### PROBLEM STATEMENT
Nothing but the lines below from the one that contains "Étaler la pâte à modeler" through the one that contains "防災情報提供センターのQRコード。ご利用ください" should be retyped, exactly and including both ends. Do not include pictures.
══════════════════════════════
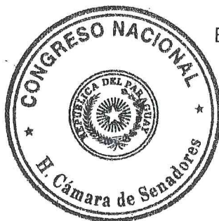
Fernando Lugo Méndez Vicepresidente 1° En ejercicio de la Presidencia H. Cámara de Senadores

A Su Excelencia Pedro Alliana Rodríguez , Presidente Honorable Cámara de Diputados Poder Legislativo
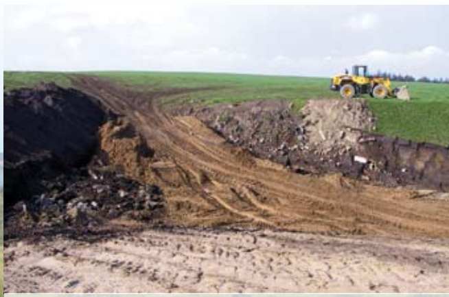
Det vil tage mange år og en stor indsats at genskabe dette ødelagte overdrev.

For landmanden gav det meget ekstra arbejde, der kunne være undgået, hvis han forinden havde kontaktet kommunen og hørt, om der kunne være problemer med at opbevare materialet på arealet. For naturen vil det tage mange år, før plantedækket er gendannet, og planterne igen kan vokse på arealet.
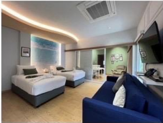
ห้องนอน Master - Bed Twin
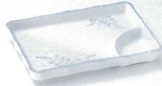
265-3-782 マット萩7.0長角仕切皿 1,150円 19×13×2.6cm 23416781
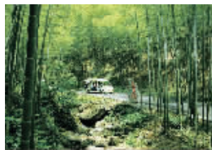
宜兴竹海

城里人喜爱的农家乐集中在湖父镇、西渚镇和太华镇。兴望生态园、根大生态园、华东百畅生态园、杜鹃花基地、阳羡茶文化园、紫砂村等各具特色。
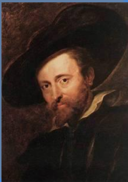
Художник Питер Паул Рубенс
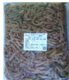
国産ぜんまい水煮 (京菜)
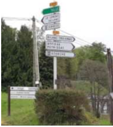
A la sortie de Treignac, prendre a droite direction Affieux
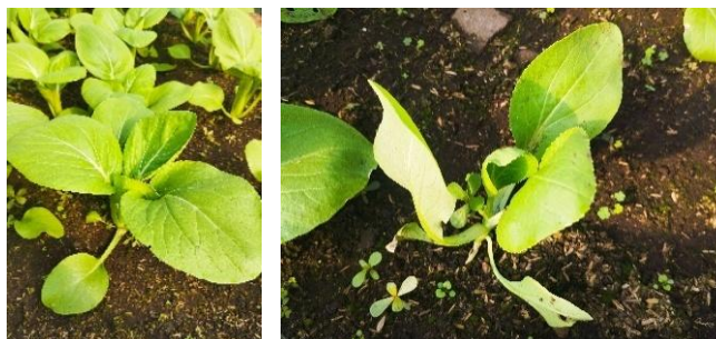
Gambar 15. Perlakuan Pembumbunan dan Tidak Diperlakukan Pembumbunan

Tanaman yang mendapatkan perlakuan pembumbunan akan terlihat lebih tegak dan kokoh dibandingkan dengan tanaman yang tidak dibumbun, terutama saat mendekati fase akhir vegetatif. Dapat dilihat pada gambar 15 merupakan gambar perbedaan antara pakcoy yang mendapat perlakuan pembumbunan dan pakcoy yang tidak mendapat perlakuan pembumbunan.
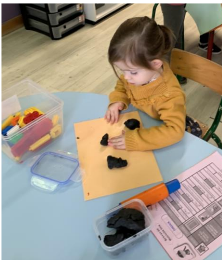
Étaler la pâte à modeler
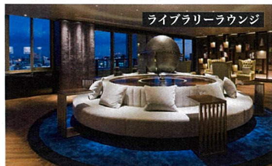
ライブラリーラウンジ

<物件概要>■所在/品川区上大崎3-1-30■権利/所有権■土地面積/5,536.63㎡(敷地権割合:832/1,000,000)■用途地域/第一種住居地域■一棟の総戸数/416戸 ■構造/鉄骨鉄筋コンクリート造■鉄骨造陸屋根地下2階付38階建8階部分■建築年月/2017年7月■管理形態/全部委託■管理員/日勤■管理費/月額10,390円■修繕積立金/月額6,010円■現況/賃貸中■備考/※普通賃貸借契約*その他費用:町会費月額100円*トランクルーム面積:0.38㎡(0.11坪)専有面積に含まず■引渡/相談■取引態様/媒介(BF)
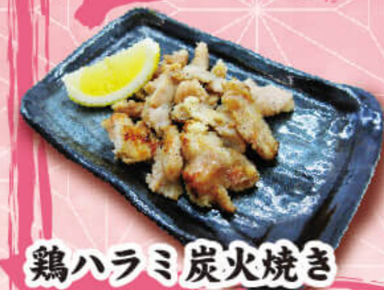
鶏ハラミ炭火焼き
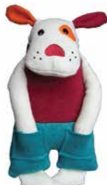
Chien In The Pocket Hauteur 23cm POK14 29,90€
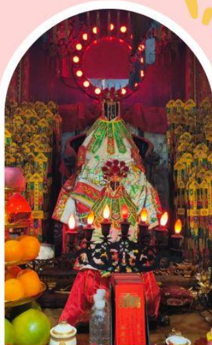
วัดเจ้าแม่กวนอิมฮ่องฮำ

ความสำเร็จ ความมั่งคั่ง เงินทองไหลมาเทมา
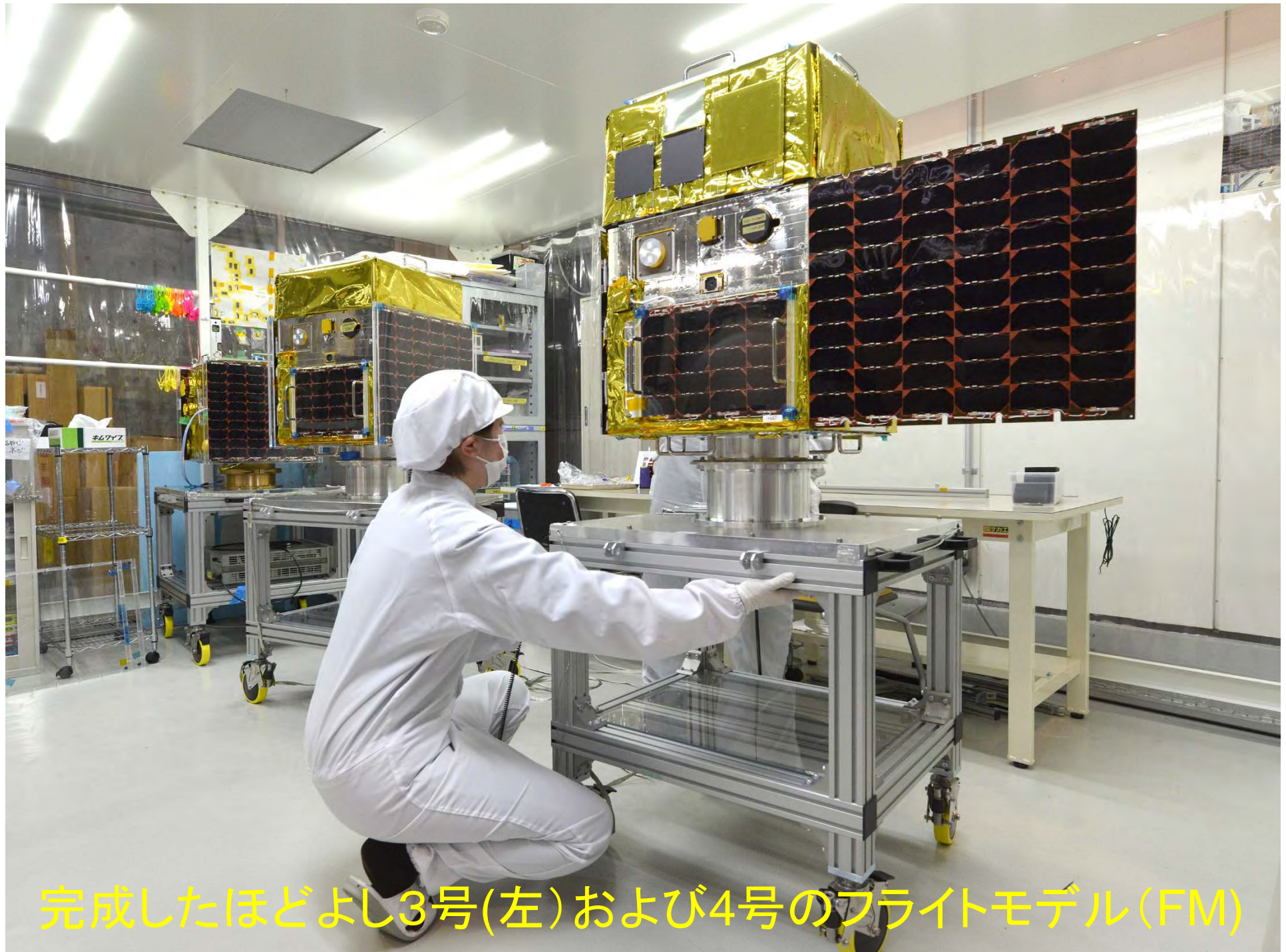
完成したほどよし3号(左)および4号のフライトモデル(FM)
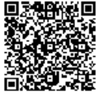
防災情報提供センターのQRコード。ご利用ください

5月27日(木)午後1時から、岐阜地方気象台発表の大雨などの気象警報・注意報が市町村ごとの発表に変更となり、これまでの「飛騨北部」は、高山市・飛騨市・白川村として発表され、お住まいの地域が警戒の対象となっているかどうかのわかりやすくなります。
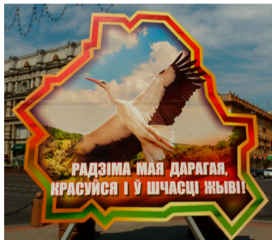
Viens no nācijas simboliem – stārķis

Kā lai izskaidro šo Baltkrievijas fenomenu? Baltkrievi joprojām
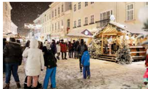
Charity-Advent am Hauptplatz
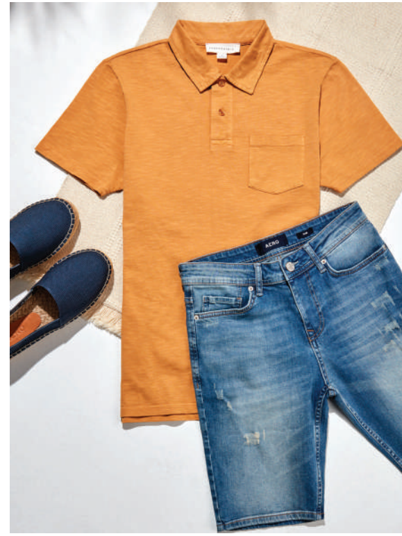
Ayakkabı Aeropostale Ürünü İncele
══════════════════════════════
### ANSWER TO THIS TASK
Étaler la pâte à modeler
ライブラリーラウンジ

<物件概要>■所在/品川区上大崎3-1-30■権利/所有権■土地面積/5,536.63㎡(敷地権割合:832/1,000,000)■用途地域/第一種住居地域■一棟の総戸数/416戸 ■構造/鉄骨鉄筋コンクリート造■鉄骨造陸屋根地下2階付38階建8階部分■建築年月/2017年7月■管理形態/全部委託■管理員/日勤■管理費/月額10,390円■修繕積立金/月額6,010円■現況/賃貸中■備考/※普通賃貸借契約*その他費用:町会費月額100円*トランクルーム面積:0.38㎡(0.11坪)専有面積に含まず■引渡/相談■取引態様/媒介(BF)
鶏ハラミ炭火焼き
Chien In The Pocket Hauteur 23cm POK14 29,90€
วัดเจ้าแม่กวนอิมฮ่องฮำ

ความสำเร็จ ความมั่งคั่ง เงินทองไหลมาเทมา
完成したほどよし3号(左)および4号のフライトモデル(FM)
防災情報提供センターのQRコード。ご利用ください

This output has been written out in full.